BBB’s Charity Report Program assists donors in making informed giving decisions.  Charities are evaluated based on the 20 BBB Standards for Charity Accountability that address four charity areas: governance, results reporting, finances, and truthful and transparent communications.

 

Reviewing Form 990

Once you have obtained an organization's Form 990, it may seem overwhelming.  An organization’s Form 990 provides a wealth of information about the organization’s activities, finances, and governance structure.  The following are some key areas to look at when evaluating an organization.

Header

This provides basic information about the organization and the tax period covered by the 990.

Part I: Summary

Mission statement (Line 1): This provides the mission or significant activities of the organization.  A clearly defined mission is key to a successful organization. 

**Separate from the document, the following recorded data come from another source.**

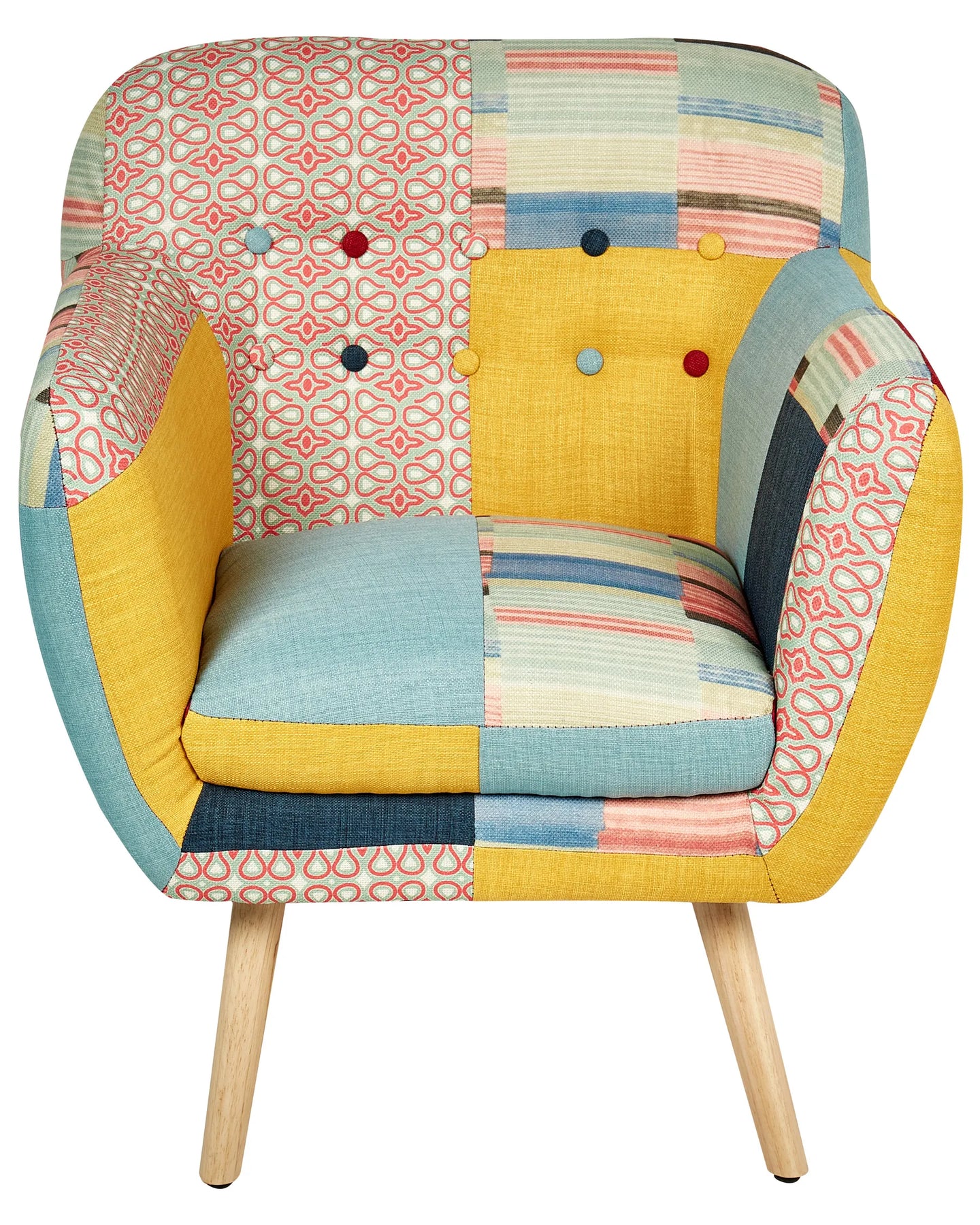 Brighten up your living room interior with the living room accent chair. Crafted with precision using solid rubber wood and top-grade polyester, ensuring sensational quality that lasts for long. The thickly padded, deep seat with button-tufted backrest and high armrest provide absolute seating comfort, making the chair a marvellous relaxation spot, especially suitable for living rooms with mid-century modern or eclectic decors.
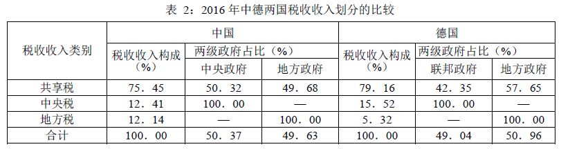 从税收收入划分来看,中德两国的税收集权化程度大体相同(表2)。无论是中国还是德国,共享税都占税收收入的绝大部分,中国75.45%,德国79.16%。虽然在共享税分配给中央政府的份额和地方税占税收收入的比重上,中国均高于德国,但最终全国税收收入中中央和地方政府所占的比重,两国情况基本相当。
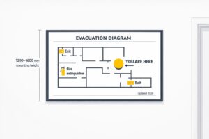 Ensure evacuation diagrams meet AS 3745-2010: correct 'YOU ARE HERE' orientation, marked exits and equipment, proper mounting (1200–1600mm) and timely updates.
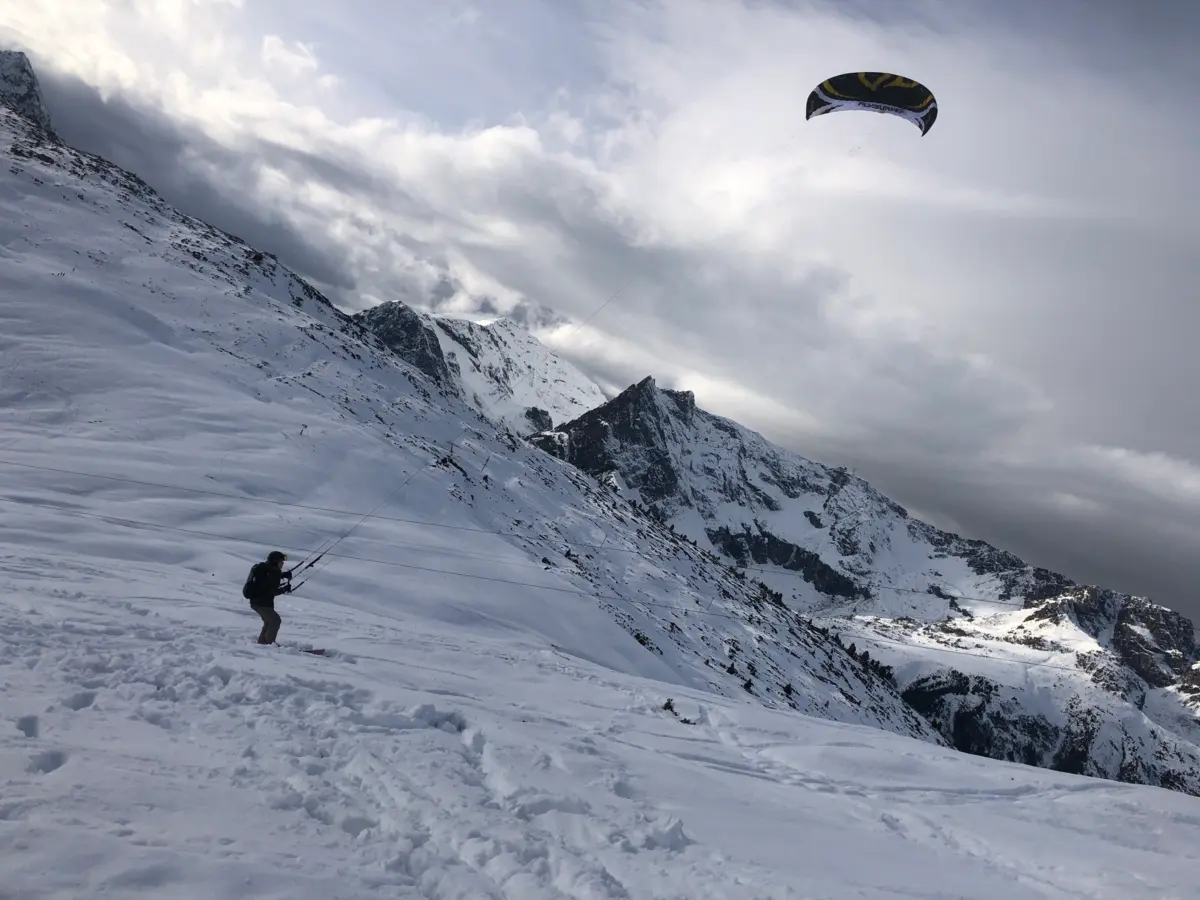 Dans la zone de ski de randonnée près de Chamonix se trouve Le Tour, et plus haut au Col de Balme il y a un spot de snowkite de taille moyenne qui est proche des remontées mécaniques. Nous y sommes allés deux fois en décembre 2022 lorsque les restrictions liées au Covid avaient fermé les remontées. Nous sommes montés à pied et, face à la montagne, avons gardé la gauche jusqu'au dernier télésiège du Col de Balme. Nous pouvions voir le refuge du Col de Balme depuis notre zone d'installation. La randonnée a duré environ 45 minutes à une heure. Vous pouvez obtenir un forfait journée à la station Le Tour Col de Balme et prendre les remontées mécaniques, ce qui vous permettrait d'y être en 15 minutes en vous amenant jusqu'au refuge d'où vous pouvez installer votre snowkite. Nous ne sommes pas allés jusque-là, donc nous avons dû rider avec le vent du sud-ouest qui semblait être un thermique qui s'établit depuis la vallée qui commence à Chamonix et mène jusqu'à Argentière tout en haut.

Number of individuals (Line 5) and volunteers (Line 6): This tells you the size of the organization.  Some organization may carry out their activities using independent contractors which are not included in the number of employees.  Most organizations also utilize volunteers to carry out their work.  The number of volunteers also shows support from the community for the organization’s work.

Total revenue (Line 12), total expenses (Line 18), and revenue-less expenses (Line 19): Each line shows the current year and prior year totals so that you can compare the current year to the prior year.  Ideally, an organization should have a positive revenue-less expenses amount.

Part II: Mission and Programs

Mission statement (Line 1): Provides the mission statement approved by the board.  The purpose for the organization’s existence.

Program service accomplishments (Line 4): This provides a description of the organization’s largest programs.  It describes what was accomplished, who it served, its impact on the community, etc.

Part VI: Governance, Management and Disclosure

The IRS considers this section the crown jewel of the Form.  It provides information on the organization's governing activities, as well as policies and procedures.

Related board members (Line 2):  The IRS believes it is important to have an independent board of directors and not be dominated by employees or who are not independent because of their family or business relationships.  The board should represent the broad public interest.

Diversion of assets (Line 5): If the organization is aware of any embezzlement or theft that exceeds the lesser of (1) 5% of the organization’s gross receipts for its tax year, (2) 5% of the organization’s total assets as of the end of its tax year, or (3) $250,000.  Fraud in less than this amount is not required to be reported.

Part VI: Governance, Management and Disclosure – Section B. Policies

This section asks if the organization has various policies in place.  Although these policies are not required by the Internal Revenue Code to be in place, it is best practices to have these in place.

Part VII: Compensation

List of officers and trustees: These are the individuals ultimately responsible for the strategic direction and oversight of the organization, so it may be worth researching more about them.  Often times an organization will include information about its board members on its website. 

Part VIII: Revenue

It is important for an organization to have a diverse source of revenue so that it cannot withstand the loss from one course while still maintaining its mission. 

Part IX: Expenses

This shows how the organization is using its resources.  Salaries are normally the highest expense for a nonprofit organization.  Be aware of other expenses that stand out as being higher than expected.  Nonprofits are also required to allocate expenses between 3 functions – (1) program, (2) management and general, and (3) fundraising.  Most funders expect 65%-75% of total expenses allocated to program.  This means most of the organization’s funds are being used for their programs.  Of course, the organization should have some management and general expenses which are necessary to run the organization, regardless of its programming.  Normally, if an organization receives grants and contributions, it should have some fundraising expenses which are expenses incurred in getting these donations.

Part X: Balance Sheet

Assets:  Assets can be a key sign of organizational strength but if the organization has little or no cash, then it can be difficult to cover its daily operational expenses.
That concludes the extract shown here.